"No, sir, his sitting-room. That is where he receives his colleagues in Parliament, and his fellow-journalists, and his electors and printers and so forth. Come in, sir."

The walls were covered with portraits of Mazzini, Garibaldi, Kossuth, Lincoln, Washington, and Cromwell, and the room, which had been furnished originally with chairs covered in chintz, was loaded with incongruous furniture.

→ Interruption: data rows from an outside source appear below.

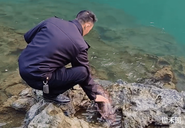 护鱼队员迅速警戒起来,并上报给镇上。经过检查,这条娃娃鱼十分健康,估计就是被岸边的石头绊住搁浅了,才意外被人类围观。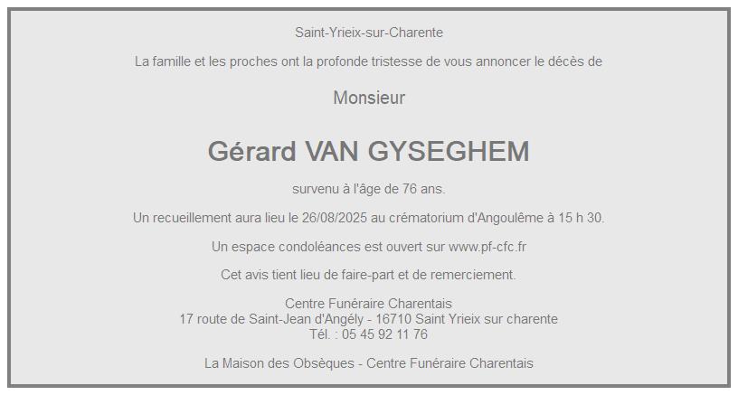 Cet espace « condoléances » est dédié à la mémoire de Monsieur Gérard VAN GYSEGHEM.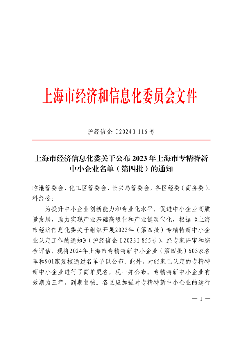 为提升中小企业创新能力和专业化水平,促进中小企业高质量发展,助力实现产业基础高级化和产业链现代化,根据《上海市经济信息化委关于组织开展2023年(第四批)专精特新中小企业认定工作的通知》(沪经信企〔2023〕855号),经专家评审和综合评估,现将2024年上海市专精特新中小企业(第四批)603家名单和901家复核通过名单予以公布。此外,对65家已认定的专精特新中小企业进行了简单更名,现一并公布。专精特新中小企业有效期为三年,到期复核。各区应加强对专精特新中小企业的运行分析,强化精准服务,快速、及时解决企业困难诉求,促进企业高质量发展。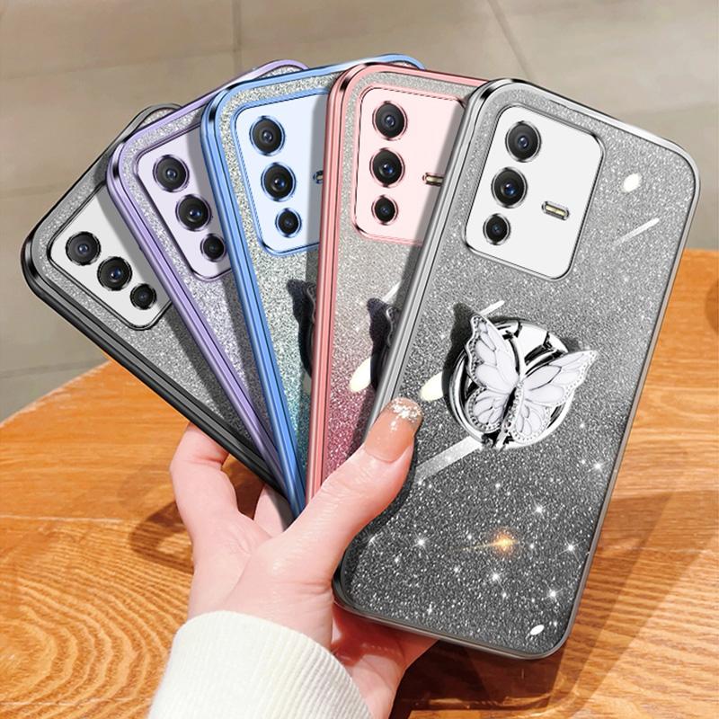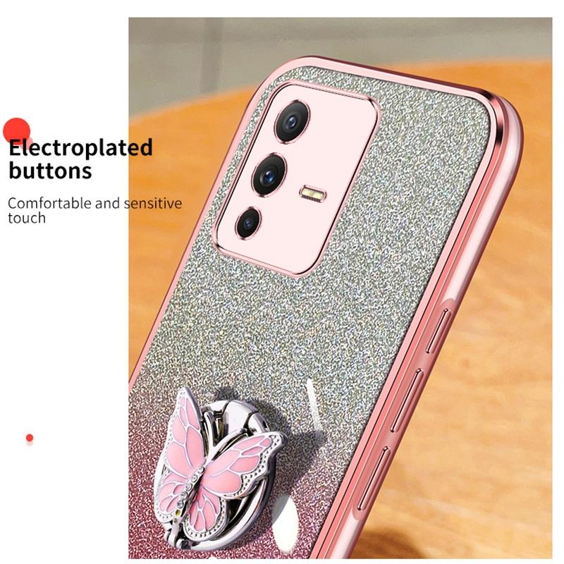 For vivo S12 Pro Plated Gradient Glitter Butterfly Holder TPU Phone Case(Purple)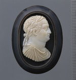 Die 'Versenkung' des Hintergrundfeldes ist von einem erhabenen Randstreifen umgeben. Diese Clipeus-Technik ist für eine Gruppe von Kameen am Anfang des 17. Jahrhunderts ein charakteristisches Merkmal. Bei diesem Exemplar besteht das silhouettierte Reliefbild mit dem Brustbild eines Imperators aus weißem Chalcedon. Zum Oberkopf und nach unten zur Rüstung hin changiert die Färbung zum Rosé-Gelblichen. Diese wechselnde Farbigkeit bewirkt einen sehr lebendigen Eindruck, möglicherweise wurde sie künstlich hervorgerufen.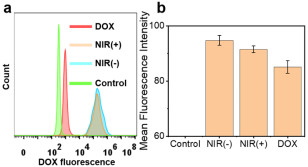 (b)流式細胞術定量分析游離DOX和Fe3O4-DOX的平均熒光強度
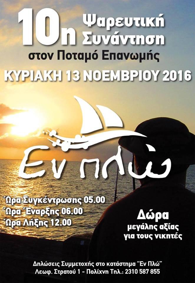 Στις 13 του Νοέμβρη θα διεξαχθεί η δέκατη ψαρευτική συνάντηση για casting του καταστήματος “Εν πλω” στην ποταμό Επανωμής με έναρξη στις 06:00 και λήξη στις 12:00. Στον αγώνα θα δοθούν πλούσια δώρα στους νικητές!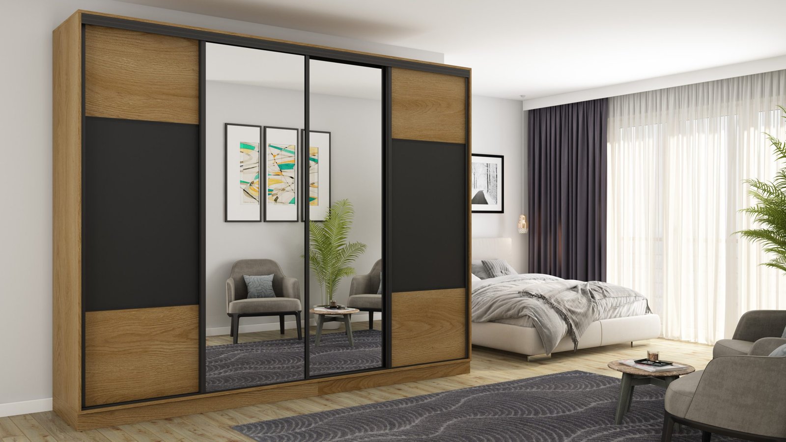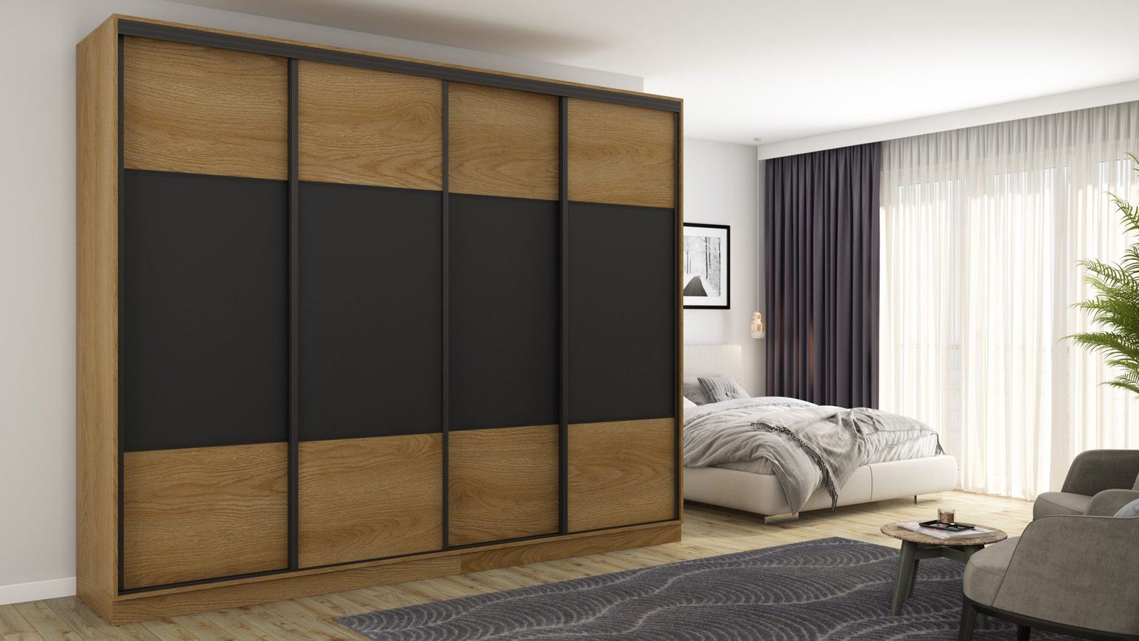 Ieškote funkcionalios spintos savo miegamajam ar mažam prieškambariui? Elegantiška ir moderni stumdoma spinta yra ne tik naudingas baldas, bet ir dekoratyvinis elementas jūsų namams! Atnaujinkite savo interjerą ir mėgaukitės modernia spinta, kurią galite laisvai pritaikyti pagal savo poreikius. Stumdoma spinta yra ergonomiško dizaino ir puikaus funkcionalumo derinys. Spinta buvo sukurta galvojant apie modernų ir minimalistinį interjerą. Jos rėmas pagamintas iš tvirtos, aukštos kokybės laminuotos plokštės, užtikrinančios stabilumą ir ilgaamžiškumą. Spintos spalvą galite priderinti prie savo interjero dizaino. Taip pat galite užsisakyti spintą su veidrodžiais, kurie vizualiai padidins kambarį. Spinta pagaminta iš aukščiausios kokybės, 18 mm storio, dvipusės laminuotos plokštės iš „Woodeco“ (anksčiau „Pfleiderer“). Visos dalys, įskaitant dugną iš grindų pusės, padengtos itin patvariu 0,8 mm storio PVC kraštu. Tai suteikia papildomą apsaugą nuo drėgmės valant grindis. Galinės sienelės pagamintos iš 3 mm storio, vienpusės laminuotos HDF plokštės (atitinkančios baldo korpuso spalvą). Metalinės drabužių pakabos. Nelygios grindys – problema? Spintos kojelės aprūpintos tvirtomis, reguliuojamomis slydimo … Aliuminio rankenos per visą durelių aukštį leidžia jas lengvai perkelti, nerizikuojant jų sulenkti. Buferiniai šepetėliai apsaugo nuo smūgių į spintelės šonus.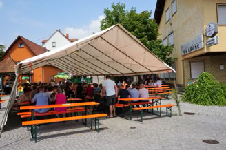 Es folgten drei wunderbare Tage rund um den historischen Ziehbrunnen, der ebenso wie die Bühne, liebevoll geschmückt und so zum gemütlichen Ambiente in der Ortsmitte beitrug.

"Joseph, you've been naughty again! My little boy is all for being a porter, sir. He has got the butt-end of his father's fishing-rod, you see, and torn his handkerchief into shreds to make a tassel for his mace." Then with a sweep of the arm, "All presents, sir. He gets presents from all parts of the world. The piano is from England, but nobody plays, so it is never opened; the books are from Germany, and the bronze is from France, but the strangest thing of all, sir, is this."

"A phonograph?"

"It was most extraordinary. A week ago a cylinder came from the island of Elba."

"Elba? From some prisoner, perhaps?"

"'A dying man's message,' Mr. Rossi called it. 'We must save up for an instrument to reproduce it, Sister,' he said. But, look you, the very next day the carriers brought the phonograph."

"And then he reproduced the message?"

"I don't know—I never asked. He often turns on a cylinder to amuse the boy, but I never knew him try that one. This is the bedroom, sir; you may come in."

It was a narrow room, very bright and lightsome, with its white counterpane, white bed curtains, and white veil over the looking-glass to keep it from the flies.